What is the brute-force approach to solve this problem?
-The brute-force method iterates through each day between the minimum and maximum bloom days, checks whether it is possible to make the required bouquets on that day, and returns the smallest possible day. This approach has a time complexity of O(N × (max−min)).
Why is binary search applicable in this problem?
-Binary search works because the solution space is monotonic — if it's possible to make M bouquets on day D, it will also be possible on any day greater than D. This property allows us to search efficiently for the minimum valid day.
What are the steps of the binary search approach in this problem?
-1. Set low = min(BloomDay) and high = max(BloomDay). 2. Compute mid = (low + high) / 2. 3. Check if making M bouquets is possible on day mid. 4. If possible, move high to mid - 1 to find a smaller day; otherwise, move low to mid + 1. 5. The final answer is stored in 'low'.
What is the time and space complexity of the optimized binary search solution?

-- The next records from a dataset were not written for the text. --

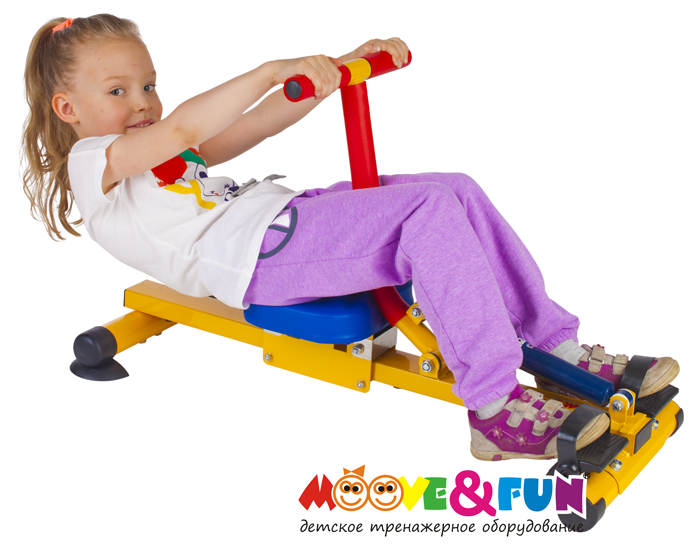 Укрепляет сердечно-сосудистую систему, позволяет активно развивать мышцы спины, ног плечевого пояса и пресса. Подвижное сиденье перемещается во время тренировки, при этом ноги надежно фиксируются лямками. Нагрузка регулируется. Прочная и устойчивая конструкция. Максимальный вес ребенка 50 кг.
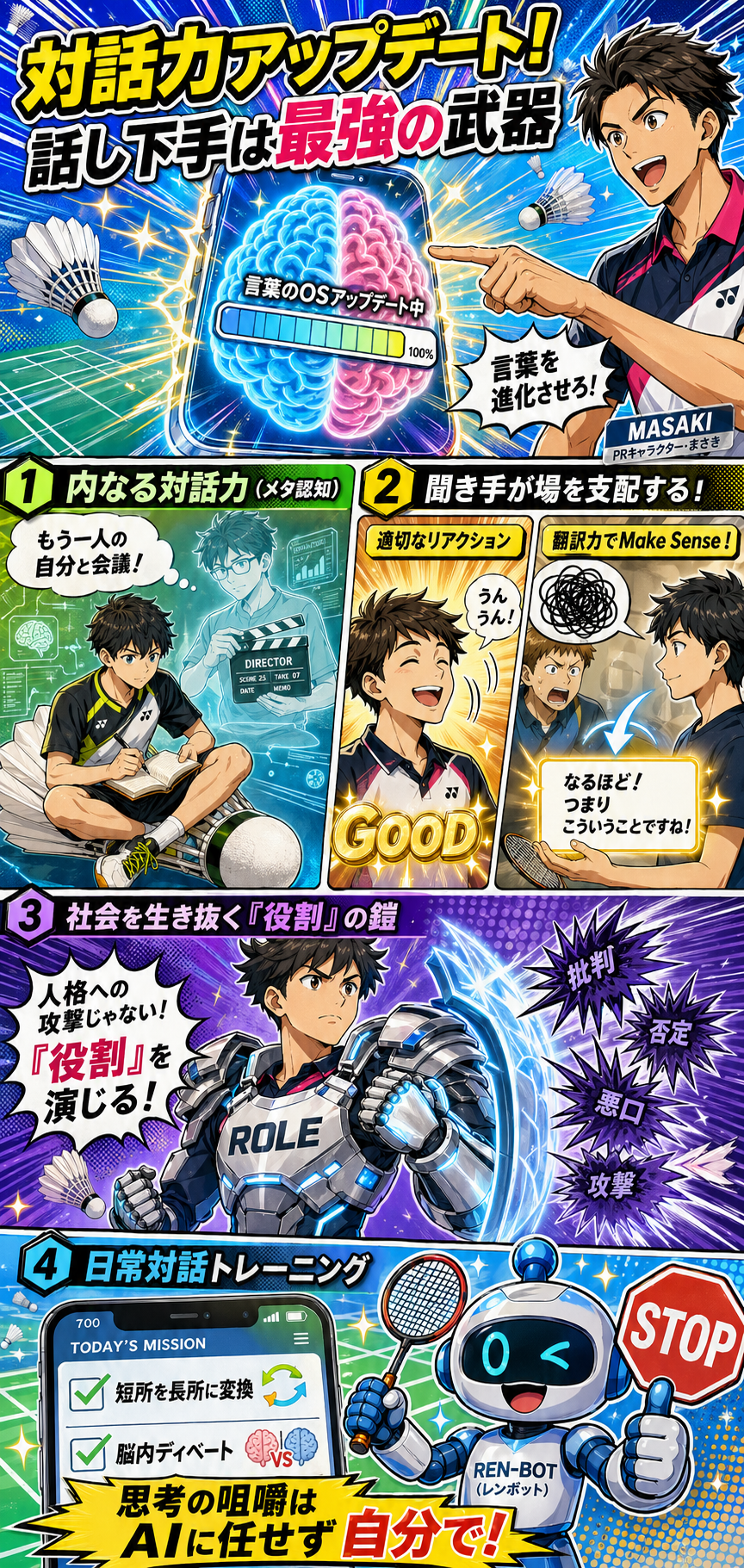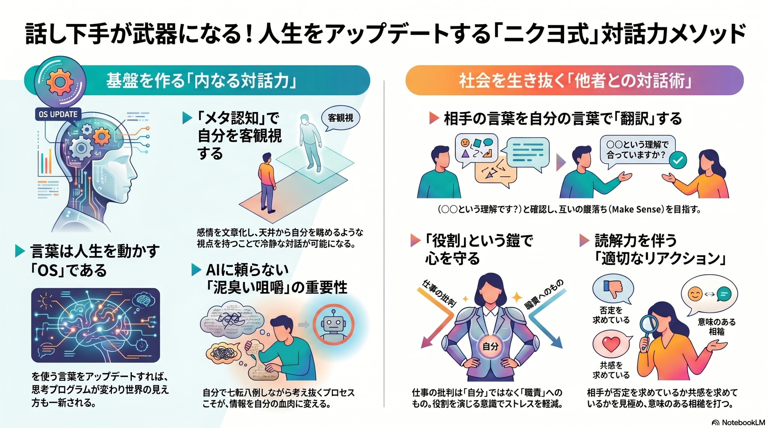 特に私が感動したのは、「話し下手や人見知りは、自分との対話時間が長いからこそ、強靭なメタ認知を育てる土壌になる」という鮮やかな逆転の発想です。私たちのオンライン教室で学ぶ学生さんや、キャリアアップを目指す社会人の皆様の中にも、「自分は口下手だから…」「周りのように器用に立ち回れないから…」と引け目を感じている方がいるかもしれません。
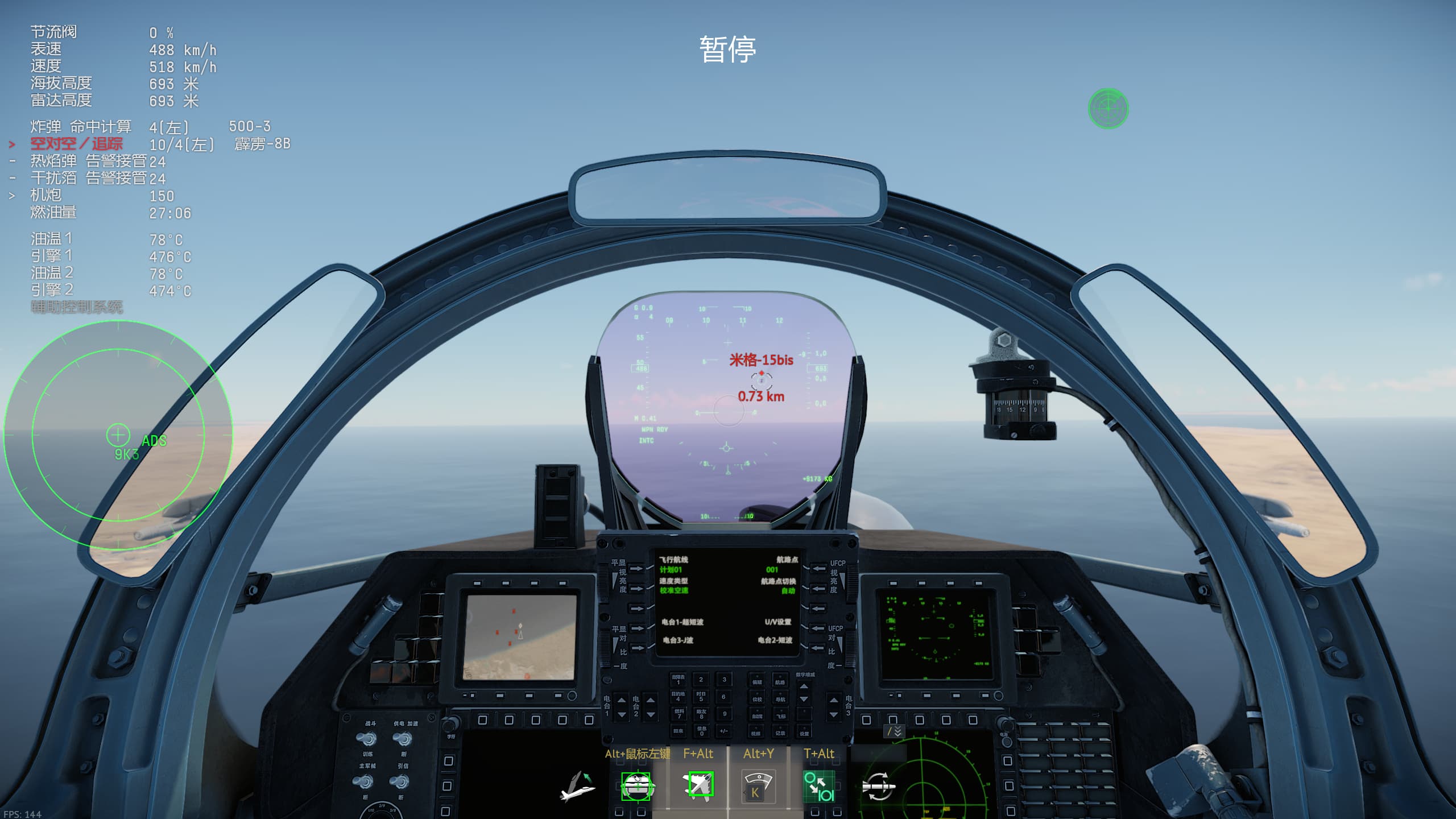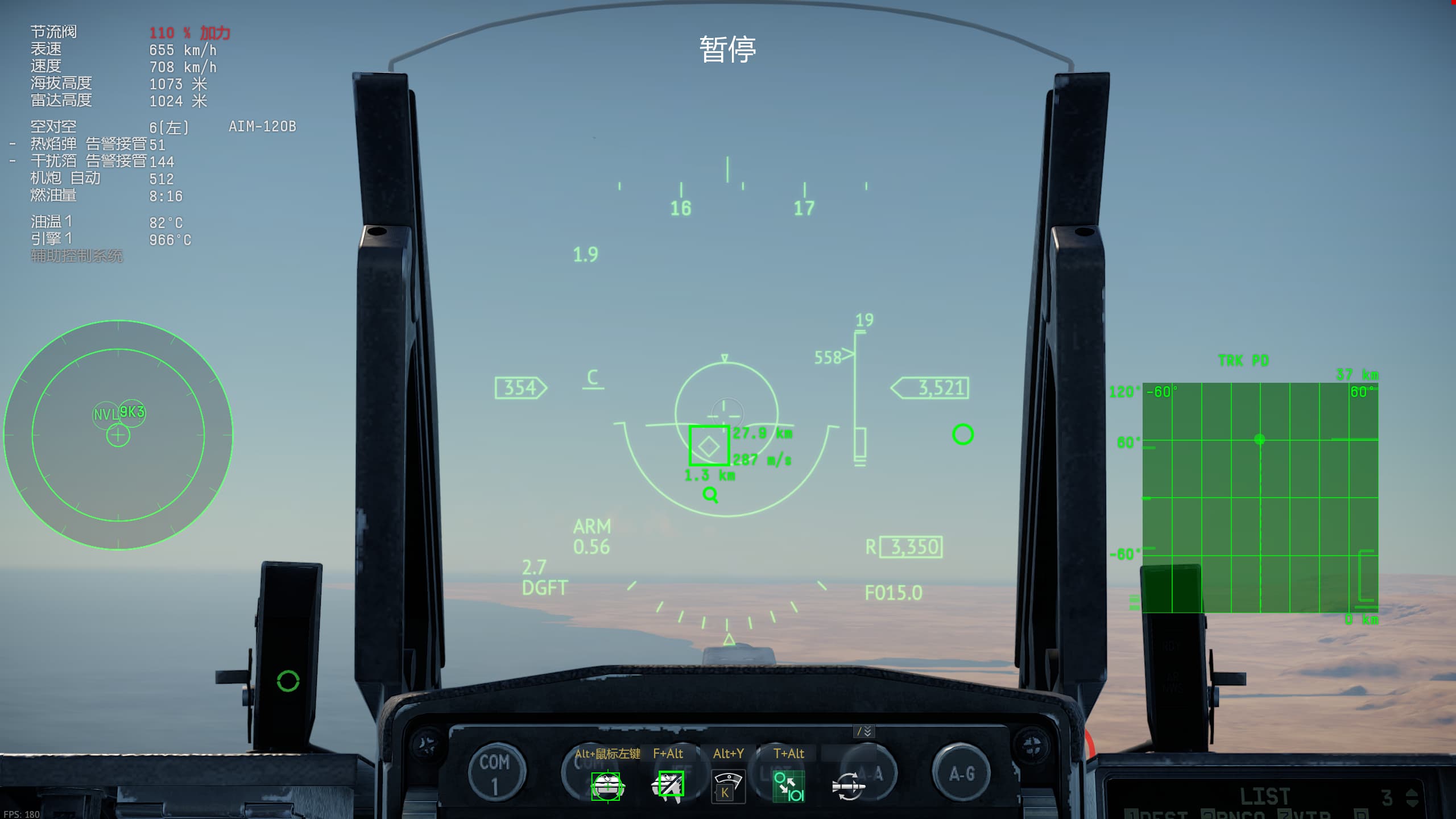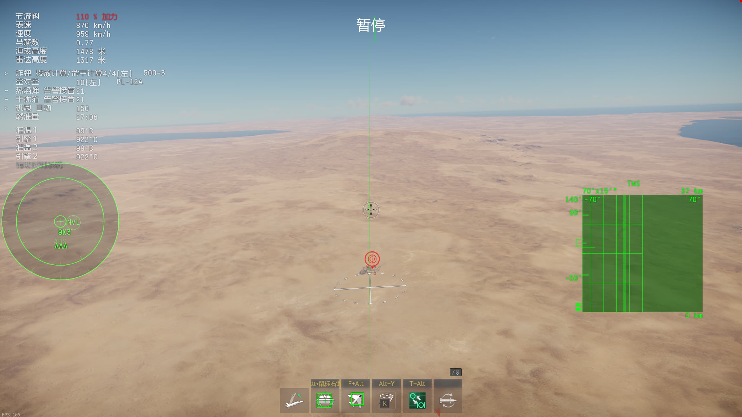 对比一下F16I人家的对空锁定状态,有导弹的动态发射区参考射程,锁定框也会闪

-The time complexity is O(N × log(max−min)), where each binary search iteration takes O(N) to verify feasibility. The space complexity is O(1) because no additional data structures are used.
Why should the product of M and K be converted to a long data type in implementation?
-Multiplying M and K directly might cause integer overflow in certain programming languages, especially when dealing with large inputs. Converting them to a long (or long long) ensures the calculation remains accurate.
What are the key takeaways from this problem-solving approach?
-The key lessons include understanding how to identify impossible cases, developing a helper function to check feasibility, starting with a brute-force approach, and finally optimizing the solution using binary search based on monotonic behavior.
How does the 'counter' logic in the 'possible' function help determine bouquets?
-The counter tracks consecutive bloomed flowers. Whenever a flower hasn't bloomed, the counter resets to zero. Each time the counter reaches K, it forms one bouquet and resets to zero to continue counting the next possible sequence.
What is the significance of finding the minimum and maximum bloom days before the search?
-Determining the minimum and maximum bloom days defines the search boundaries for the binary search. It restricts the search space to only the range where a valid answer can exist, making the algorithm more efficient.